A woman has been left “very disappointed” after seven Supreme Court justices dramatically reduced a figure of more than £160,000 awarded to her by the Court of Appeal out of her estranged mother's will.
The ruling was welcomed by animal charities named in the will who said it confirmed the right of individuals “to choose who will inherit when we die”. They were due to receive the majority of the £486,000 estate.
Heather Ilott, an only child, was deliberately cut out of the will when she was rejected by her mother at the age of 17 after leaving home to live with her boyfriend in 1978.
Mother and daughter remained estranged for some 26 years right up to her mother's death, aged 70, in 2004.
Melita Jackson left the majority of her £486,000 estate to three animal charities - Blue Cross, the RSPB and the RSPCA.
She instructed her executors to defend any attempt by her daughter to contest her decision.
But Mrs Ilott, who married her boyfriend and has five children of her own, applied for a share of the will under inheritance laws which allow, in certain circumstances, those closely connected to the will maker to apply for maintenance if the will fails to make reasonable financial provision.
As a daughter Ms Ilott, now in her 50s, from Great Munden, Hertfordshire, qualified for an award under the Inheritance (Provision for Family and Dependants) Act 1975 because she and her husband, Nicholas, were living on a very restricted income, mostly benefits.
A district judge ruled in 2007 that she should receive £50,000, but appeal judges more than tripled the award to £160,000.
They ruled the district judge had made “identifiable errors of principle”, and awarded Ms Ilott £143,000 to buy, at a sitting tenant's discount, the housing association home where she and her family lived, plus an option to receive £20,000 more in one or more instalments.
But the Supreme Court, the UK's highest court, unanimously allowed an appeal by the animal charities.
The Supreme Court panel of justices - the president Lord Neuberger sitting with deputy president Lady Hale and Lords Hughes, Kerr, Clarke, Wilson and Sumption - agreed it was the appeal court that had fallen into error.

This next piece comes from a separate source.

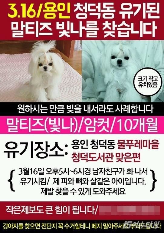 남자친구가 일부러 유기해 반려견을 잃어버린 보호자가 강아지를 찾고 있다.[사진=온라인 커뮤니티]

In the lead ruling, Lord Hughes said of the district judge's award: “It was in fact an award which met many of Ms Ilott's needs for maintenance.
“There was nothing about it which was outside the generous ambit of judgment available to him. His order ought to be restored.”
In a judgment providing guidance for future cases, he also observed: “Unlike some other systems, English law recognises the freedom of individuals to dispose of their assets by will after death in whatever manner they wish.”
The animal charities were “the chosen beneficiaries of the deceased. They did not have to justify a claim on the basis of need under the 1975 Act, as Mrs Ilott necessarily had to do.”
Later, the charities said in a joint statement: “We are pleased that the Supreme Court has given welcome reassurance that, save in limited and specific circumstances, the wishes recorded in a person's will must be respected.
”Blue Cross, RSPCA and RSPB and the charitable sector as a whole rely on generous gifts left in wills, without which much of their valuable work could not be done.“
Martin Oliver, a partner at Wright Hassall Solicitors, said on Ms Ilott's behalf: “Heather is naturally very disappointed with the outcome of the Supreme Court judgment.
“She is a hard-working mother who brought a claim to seek reasonable financial provision from her mother's estate under legislation which has been around for over 80 years.
“Some of the judges have found that the current law is unsatisfactory and this will no doubt raise broader questions in the future.
“Heather has never wanted to be in the limelight or to be at the centre of a legal debate which polarises public opinion.
“In the future, children in Heather's position may be able to bring a claim under this legislation but, as each case turns on its own facts, it does depend on the circumstances of the case.”
The justices were told that the appeal had been brought by the charities “largely on principle” because of the possible impact on other cases.
They were told that an “arrangement” had been made with Ms Ilott in the event of the appeal succeeding.
This would allow her family to remain in the house they had bought with the money awarded by the appeal court as long as they wished, with a suitable charge protecting the charities' interest over the property.